Tibetan Americans are Americans of Tibetan ancestry. As of 2020, more than 26,700 Americans are estimated to have Tibetan ancestry. The majority of Tibetan Americans reside in Queens, New York.

Ethnic Tibetans began to immigrate to the United States in the late 1950s. Section 134 of the Immigration Act of 1990 gave a boost to the Tibetan immigration to the US, by providing 1,000 immigrant visas to Tibetans living in India and Nepal. Chain migration followed, and by 1998 the Tibetan American population had grown to around 5,500, according to a census conducted by Central Tibetan Administration (CTA).
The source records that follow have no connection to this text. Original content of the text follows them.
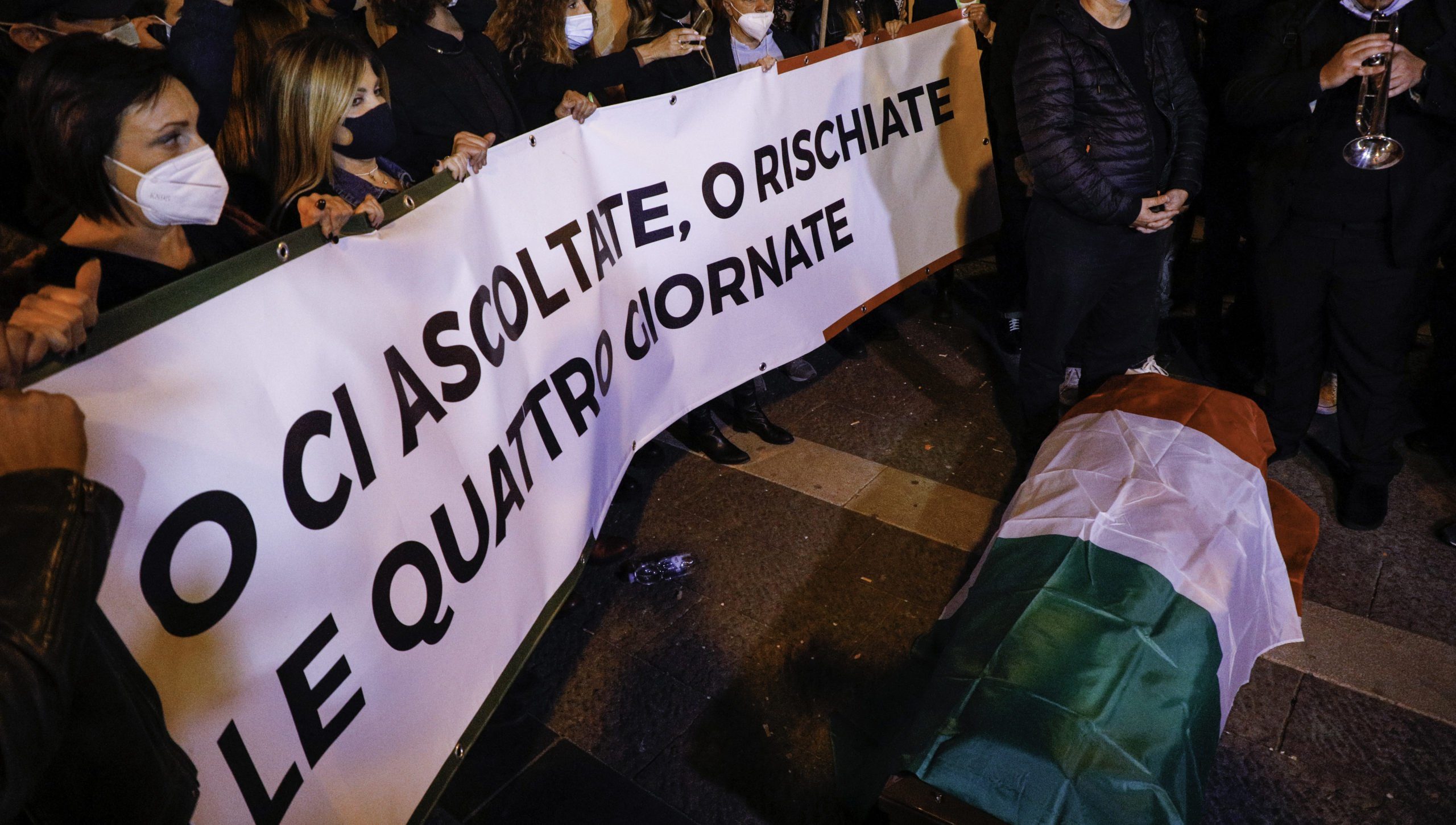 Il feretro tricolore è stato poi posto sotto la regione Campania, luogo simbolo delle Istituzioni. I partecipanti sono stati chiamati a dare l’ultimo saluto a quello che resta dell’economia partenopea, con il sottofondo suggestivo e commovente dell’Inno del silenzio intonato con una tromba.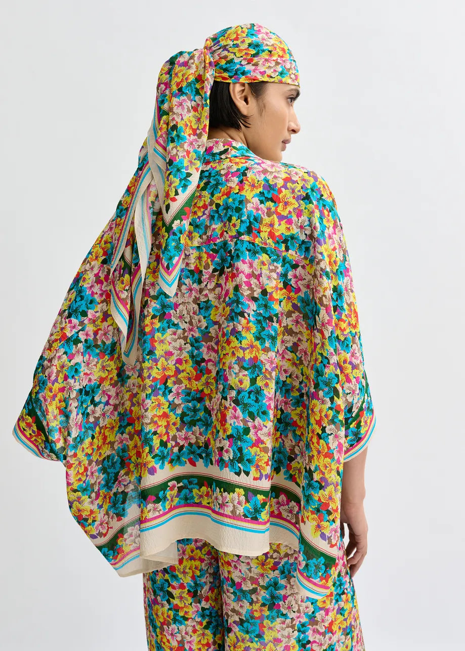 Floral-print shirt crafted from a fluid silk-blend, designed with an intentionally oversized silhouette that drapes effortlessly over the body. The wide 3/4 sleeves enhance the relaxed shape, while the button fastening adds a refined and functional detail. A lightweight construction ensures an elegant flow and ease of movement.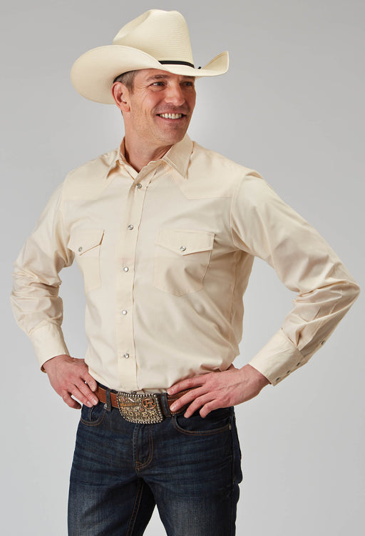 Men's Roper Solid Tan Long Sleeve Western Shirt
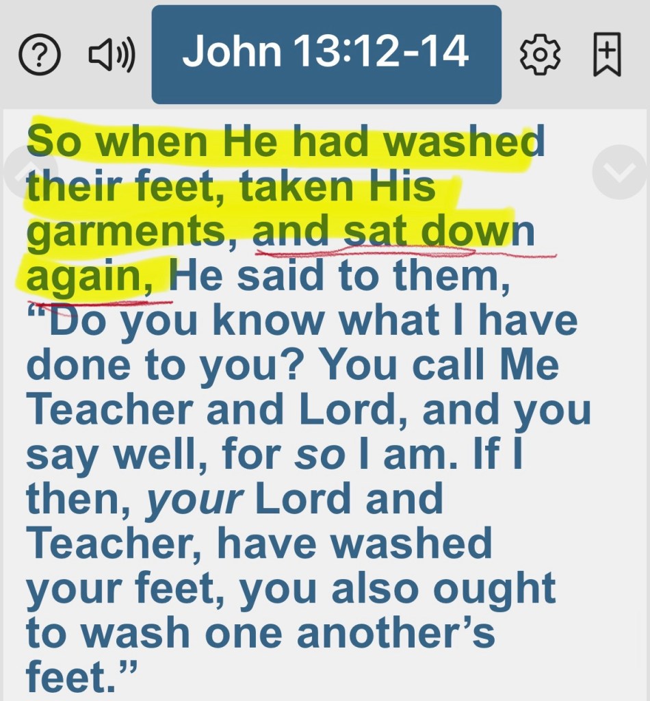 John 13 records that after washing their feet, Jesus “took His garments, and sat down again.” The detail is not incidental. It marks a divine rhythm, a time to kneel, a time to cleanse, a time to rise, and a time to commune.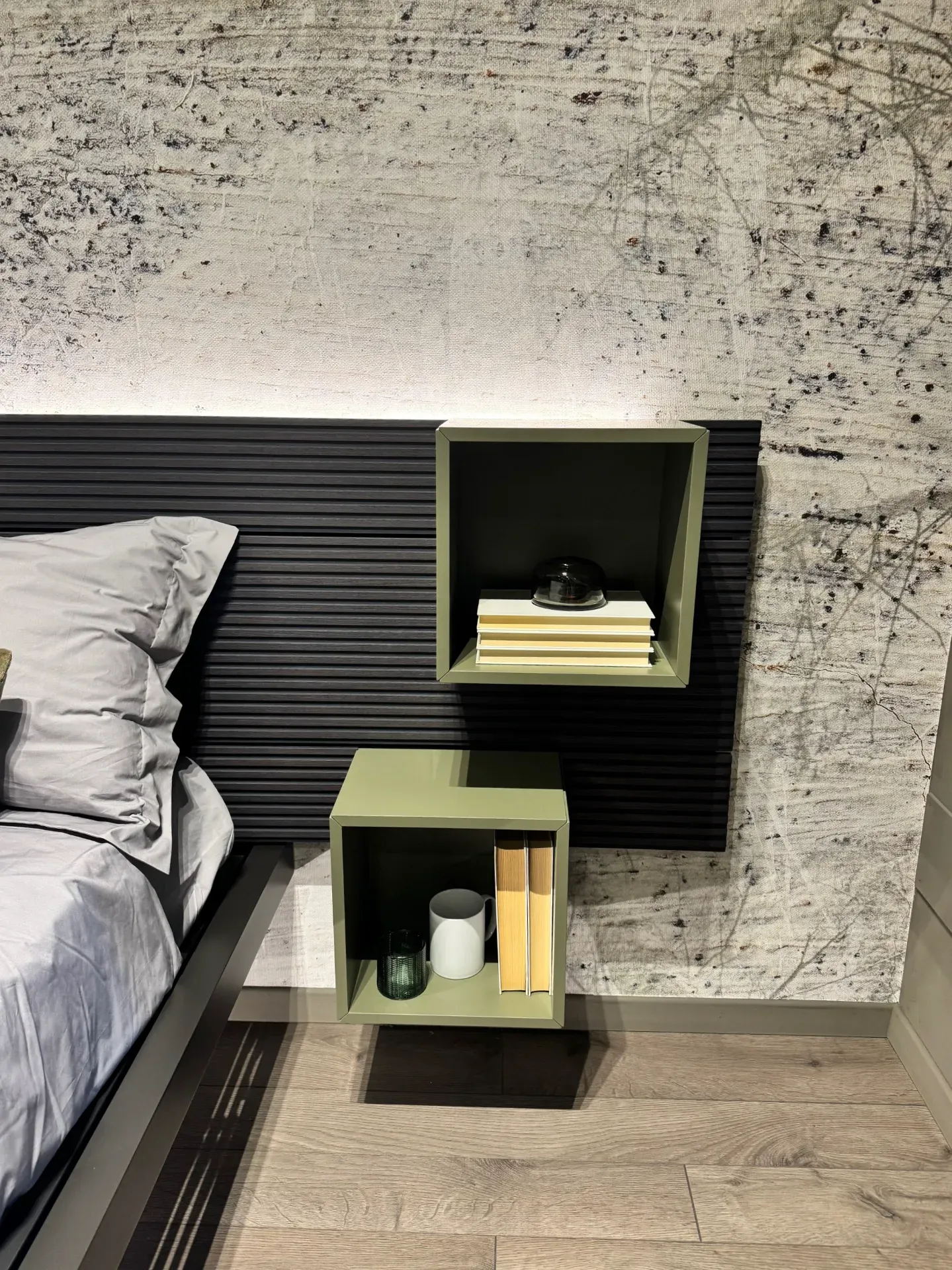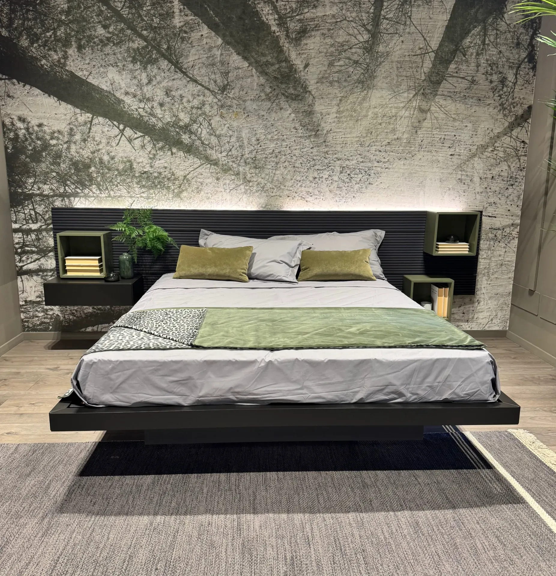 I letti possono essere abbinati ai comodini, oppure si può decidere di affiancare finiture o materiali appositamente contrastanti: nella camera sono i protagonisti dell’arredo e il letto King size

The 2000 US census counted 5,147 US residents who reported Tibetan ancestry.

An estimate of c. 7,000 was made in 2001, and in 2008 the CTA's Office of Tibet in New York informally estimated the Tibetan population in the US at around 9,000. In 2020, The Central Tibetan Administration estimated the number of Tibetans living in the United States to be over 26,700. The migration of the Tibetans to the United States took on the pattern of 22 "cluster groups", located primarily in the Northeast, the Great Lakes region and the Intermountain West. Other communities include Austin, Texas and Charlottesville, Virginia. Tibetan Americans who are born in Tibet or elsewhere in Tibet are officially recognized as Chinese nationals not by choice due to China's occupation of Tibet.

Communities of Tibetan Americans in the Northeast exist in Boston and Amherst, Massachusetts, Ithaca, New York, and New York City, and in the states of Connecticut, Vermont, and New Jersey. In New York and New Jersey, they live primarily in Queens and New Brunswick.

The town of Northfield, Vermont has been home for many years to the seat of the current Trijang Rinpoche, who has been estranged from the Dalai Lama due to the Dorje Shugden controversy, which has become a cultural heritage center for thousands of followers.

In the Mid-Atlantic region, the largest communities can be found in Northern Virginia, Washington, D.C., Montgomery County, Maryland, Philadelphia, Pennsylvania, and Charlottesville, Virginia.

Communities of Tibetan Americans in the Great Lakes region exist in Chicago and in the states of Minnesota, Ohio, Indiana, Wisconsin, and Michigan. There is a Tibetan Mongol Buddhist Cultural Center in Bloomington, Indiana near the campus of Indiana University. The late brother of the Dalai Lama, Thubten Jigme Norbu was a professor at the university.

Minnesota has the second largest concentration of Tibetan Americans in the United States.